> Activity:
From the entries below, output the line with "FREE SHIP! NWT" and each following line up to and including the line with "R9018 Rare Morocco", exactly as written.

> Material for this task:

★ ★ ★ ★ ★

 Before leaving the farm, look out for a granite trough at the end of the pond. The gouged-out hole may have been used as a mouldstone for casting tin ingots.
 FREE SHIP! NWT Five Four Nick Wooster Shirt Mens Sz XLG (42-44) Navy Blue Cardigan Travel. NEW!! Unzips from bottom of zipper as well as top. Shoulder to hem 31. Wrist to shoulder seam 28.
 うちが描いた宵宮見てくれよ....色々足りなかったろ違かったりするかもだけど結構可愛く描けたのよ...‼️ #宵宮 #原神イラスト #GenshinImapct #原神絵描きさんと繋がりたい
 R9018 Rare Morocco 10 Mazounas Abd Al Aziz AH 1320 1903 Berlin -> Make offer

★ ★ ★ ★ ★

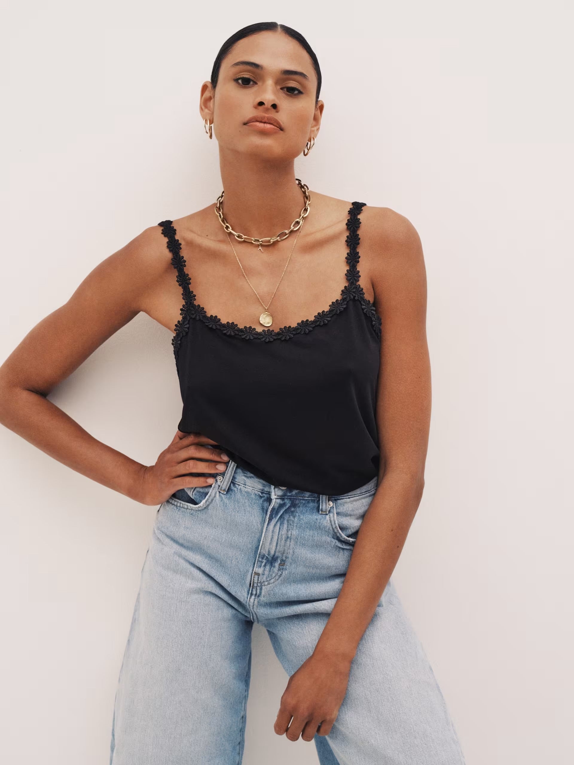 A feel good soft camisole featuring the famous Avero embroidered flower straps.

★ ★ ★ ★ ★

> Exercise answer:
 FREE SHIP! NWT Five Four Nick Wooster Shirt Mens Sz XLG (42-44) Navy Blue Cardigan Travel. NEW!! Unzips from bottom of zipper as well as top. Shoulder to hem 31. Wrist to shoulder seam 28.
 うちが描いた宵宮見てくれよ....色々足りなかったろ違かったりするかもだけど結構可愛く描けたのよ...‼️ #宵宮 #原神イラスト #GenshinImapct #原神絵描きさんと繋がりたい
 R9018 Rare Morocco 10 Mazounas Abd Al Aziz AH 1320 1903 Berlin -> Make offer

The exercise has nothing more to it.